Она вновь рассмеялась.
– Нет уж, отвечай как полагается. Твой папа был белым, так. Но… у Обамы, например, белая мать, а волосы обычные, черные.
– Бывает по-разному, – объяснил Ксавьер. – Мы же не предсказуемая смесь родительских генов. Их не кладут, как ингредиенты в пирог, чтобы на выходе каждый раз получалось одно и то же.
– Понимаю. Но мне нравятся разные пироги. И нравятся твои волосы.
– Многие белые люди пытались меня убедить, что они крашеные. Я даже больше не спорю. Так, теперь ты отвечаешь. Имя.
– Ладно, – сказала она, – но следующий вопрос мой.
Он кивнул, радуясь этой игре, этому моменту, близости Джунипер, от которой его кровь кипела.
– Мое имя означает «можжевельник». Можжевельники – самые стойкие из местных растений, и мама решила, что, поскольку она совсем молодая, бедная и вырастит меня в одиночку, мне понадобится стойкость, а значит, нужно имя, которое будет меня вдохновлять.
– Мне оно нравится.
– И мне. Только люди постоянно его путают. Зовут меня то Дженнифер, то Джупитер. Есть такой город.
– А меня часто называют Завьером. Да еще говорят, что надо терпеть, потому что так всем проще.
– Ксавьер круче. Необычнее, – сказала она. – Ну а теперь ты расскажи о своем отце.
– Это грустная история. Тебе не понравится. – Это был не прием флирта, рассчитанный на то, чтобы его упрашивали. Ксавьеру в самом деле не хотелось говорить.
– Когда его не стало?
– Когда я был совсем маленьким.
Она сжала его руку.
– Очень сочувствую.
– Спасибо.
Все то время, что они сидели рядом, Ксавьер умирал от желания к ней прикоснуться, и случилось маленькое чудо – его ладонь оказалась в ее маленькой, теплой, сухой ладошке. Прикосновение к ее коже электрическим разрядом отдалось в его животе.
Идиот, сказал он себе, склонившись и приблизив лицо к ее лицу, ожидая знака остановиться. Но она придвинулась ближе, и он прижался губами к ее губам. Какой нежный поцелуй… Может быть, ее первый, подумал он.

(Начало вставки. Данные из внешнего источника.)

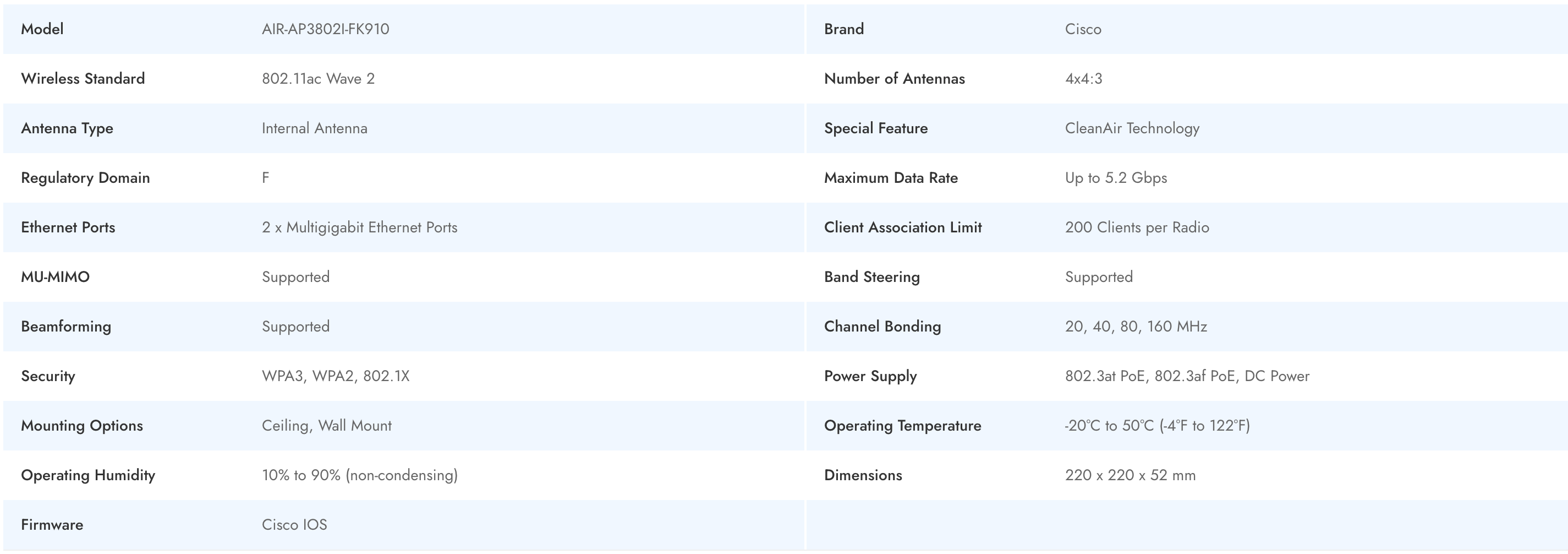Cisco AIR-AP3802I-FK910 is an advanced enterprise-class access point, crafted for high-density network environments demanding superior wireless performance. Supporting the 802.11ac Wave 2 wireless standard, this Cisco access point enables throughput up to 5.2 Gbps and utilizes 4x4:3 MU-MIMO internal antenna configuration for optimized multi-user experiences. With CleanAir Technology and dual multigigabit Ethernet ports, it delivers robust connectivity, interference mitigation, and secure access, making it ideal for mission-critical business wireless deployments across large campuses or branch offices seeking scalable, seamless coverage and reliable mobility solutions.

Мысль об этом была приятна – пожалуй, приятнее, чем следовало бы.
– Целовать ее было глупо, – сказал он Дашону. Взяв старую гитару – первую, купленную на собственные деньги, – он сел на кровать, провел рукой по струнам. – Мне сейчас не нужны отношения, я же в августе уеду.
– Ну так не заводи их, – посоветовал Дашон.

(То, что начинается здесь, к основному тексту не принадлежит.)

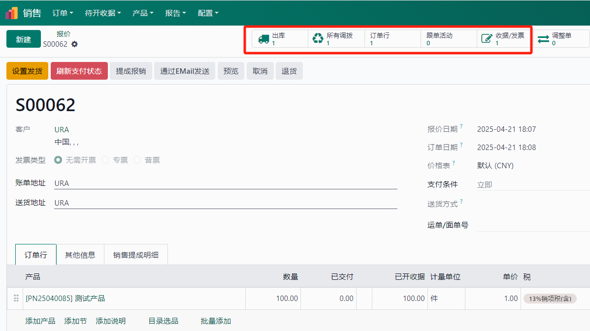 销售订单已确认,系统会生成出库单、草稿收据等相关单据。在未出库、未收款、未进行相关采购的情况下,只需要手动更新产品数量或种类,所有相关单据都会自动更新。

– Сказать ей об этом? Или все само рассосется? – Он сыграл гамму в до-мажор, потом в фа-мажор. – Может, я слишком много думаю об этом. Может, мы могли бы какое-то время встречаться, если, конечно, она захочет. Если только ее родители не слишком разозлятся, что она нарушила какой-то там обет. Я же не готов жениться.
Дашон пристально посмотрел на него.
– Ты все лето таким будешь?
Ксавьер поставил гитару на место и рухнул на кровать.

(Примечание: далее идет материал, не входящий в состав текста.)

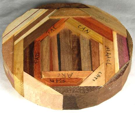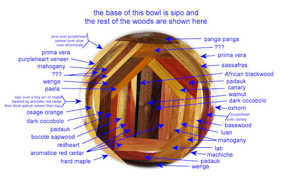 flaws/issues: there is a crack in the aromatic red cedar in the middle and also there is a hairline crack that appears to be a poor glue joint, not a stress separation. There is a barely perceptible hairline separation at the bottom of the middle. Some of the red woods have faded a bit since the pics were taken.

– Просто пристрели меня, – сказал он.
– То, что я вижу, мне не нравится, – сказала Вэлери Алстон-Холт, беседуя с Эллен Дэвис, главой товарищества собственников жилья и своей хорошей подругой на протяжении почти двадцати лет. Они стояли на заднем дворе дома Вэлери и смотрели на ее любимый дуб.
Был во всех отношениях прекрасный день. Не слишком жаркий. Не слишком влажный. Вэлери и Ксавьер встали рано, взяли веревки и колышки, чтобы решить, где лучше разместить пруд. Но сначала Вэлери, верная своим привычкам, поднесла к глазам бинокль и пристально рассмотрела ветви любимого дерева. Увидев то, что увидела, она почувствовала себя так, будто узнала об опасной болезни близкого друга: слабой, несчастной, рассерженной, беспомощной. Она позвонила Эллен, чтобы та ее успокоила.
Вэлери любила дуб, потому что для нее он был связан с Ксавьером; но мы все его любили. Его диаметр достигал почти шести футов. Дерево пережило столько ледяных дождей, ураганов и засух, оно видело так много горя – не только трагедию Вэлери.
Почти век назад небольшой клан бывших рабов поселился здесь, на земле, официально принадлежавшей, но не нужной какому-то белому человеку. Только что освобожденные негры, как они сами себя называли, строили небольшие, в две комнаты, бревенчатые хижины на каменных фундаментах – их вы и сейчас можете видеть возле городских парков и велосипедных дорожек. Эти люди, конечно, знали, что такое настоящее горе, и рассказывали свои истории старому дубу, когда он был лишь крошечным желудевым побегом, устремленным в небо.